- TASK TO CARRY OUT
Would you copy the lines below exactly and omit the images?

- DATASET EXTRACT
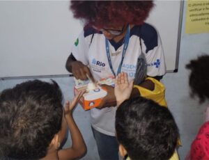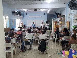 A Equipe Prazeres esteve na Escola Municipal Júlia Lopes de Almeida e realizou uma palestra sobre conscientização social e ambiental com os alunos, reforçando a importância do descarte correto de lixo no combate às doenças, e como pequenas ações melhoram a qualidade de vida no território.
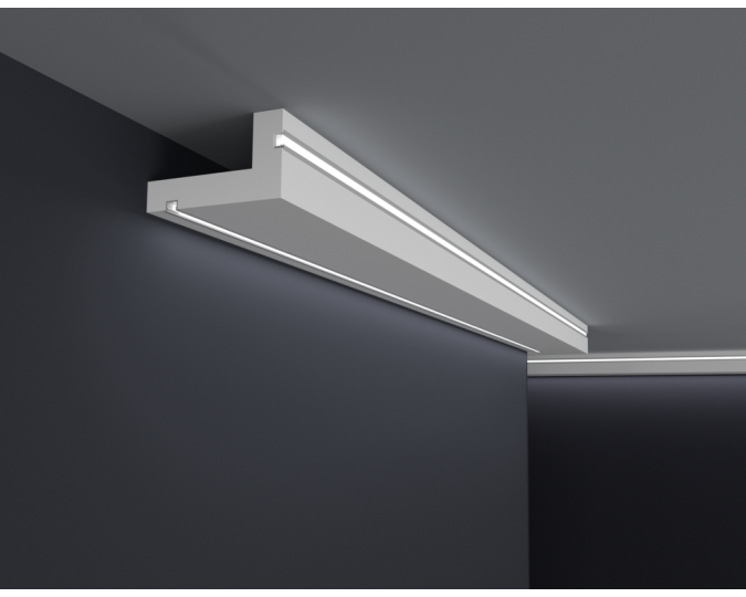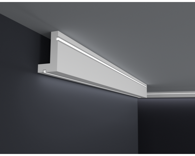 Listwy do oświetlenia led zakupione w naszym sklepie należy zabezpieczyć od wewnętrznej strony samoprzylepną taśmą aluminiową, która ma na celu zapobieganie przenikania światła przez gzyms oraz odbijanie go w kierunku pomieszczenia.
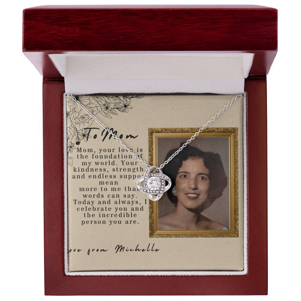 Collar de nudo de amor, tarjeta de mensaje de foto personalizada y foto animada

- RESPONSE TO THE EXERCISE
 A Equipe Prazeres esteve na Escola Municipal Júlia Lopes de Almeida e realizou uma palestra sobre conscientização social e ambiental com os alunos, reforçando a importância do descarte correto de lixo no combate às doenças, e como pequenas ações melhoram a qualidade de vida no território.
 Listwy do oświetlenia led zakupione w naszym sklepie należy zabezpieczyć od wewnętrznej strony samoprzylepną taśmą aluminiową, która ma na celu zapobieganie przenikania światła przez gzyms oraz odbijanie go w kierunku pomieszczenia.
 Collar de nudo de amor, tarjeta de mensaje de foto personalizada y foto animada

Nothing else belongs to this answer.